- **AIM OF THE EXERCISE**
Retype, word for word, each line between the lines holding "Así, pues, igual" and "As 631 waits", inclusive, and leave the rest of the data alone.
[EXTRACTED RECORDS]
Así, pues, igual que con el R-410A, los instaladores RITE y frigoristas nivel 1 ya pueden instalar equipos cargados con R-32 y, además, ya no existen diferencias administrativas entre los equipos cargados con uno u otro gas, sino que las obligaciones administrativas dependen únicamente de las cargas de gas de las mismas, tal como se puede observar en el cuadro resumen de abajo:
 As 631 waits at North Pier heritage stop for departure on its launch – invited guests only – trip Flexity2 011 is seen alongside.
[/EXTRACTED RECORDS]
[EXTRACTED RECORDS]
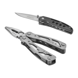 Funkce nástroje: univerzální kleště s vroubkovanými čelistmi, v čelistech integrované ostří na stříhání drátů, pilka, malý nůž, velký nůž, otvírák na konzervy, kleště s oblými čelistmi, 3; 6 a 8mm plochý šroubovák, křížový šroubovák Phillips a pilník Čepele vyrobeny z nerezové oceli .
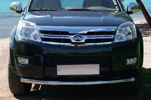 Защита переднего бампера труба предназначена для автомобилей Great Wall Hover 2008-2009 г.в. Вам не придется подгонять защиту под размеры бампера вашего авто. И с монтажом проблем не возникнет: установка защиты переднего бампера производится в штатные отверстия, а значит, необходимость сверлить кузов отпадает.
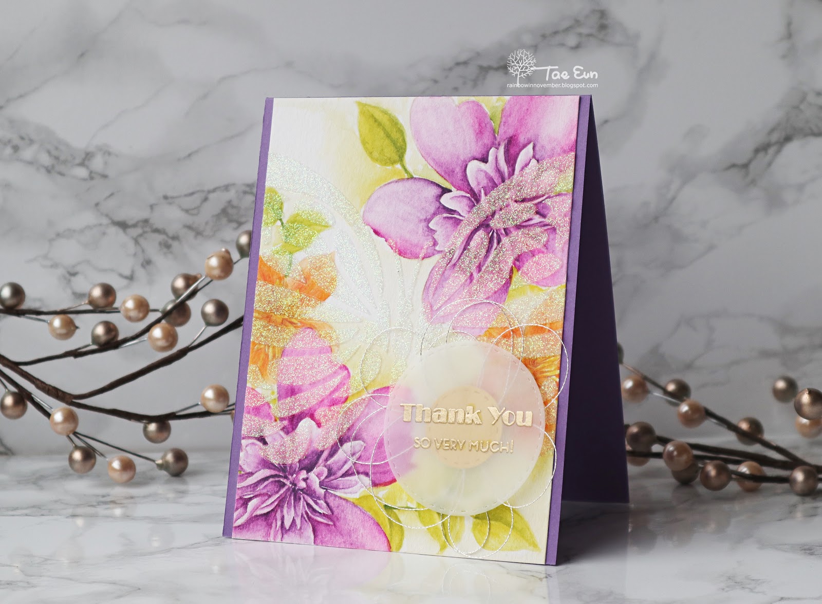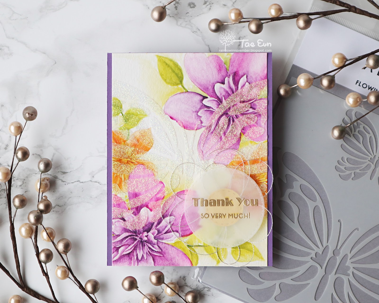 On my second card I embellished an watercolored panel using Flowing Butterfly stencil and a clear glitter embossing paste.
[/EXTRACTED RECORDS]
- **RESULT BELOW**
Así, pues, igual que con el R-410A, los instaladores RITE y frigoristas nivel 1 ya pueden instalar equipos cargados con R-32 y, además, ya no existen diferencias administrativas entre los equipos cargados con uno u otro gas, sino que las obligaciones administrativas dependen únicamente de las cargas de gas de las mismas, tal como se puede observar en el cuadro resumen de abajo:
 As 631 waits at North Pier heritage stop for departure on its launch – invited guests only – trip Flexity2 011 is seen alongside.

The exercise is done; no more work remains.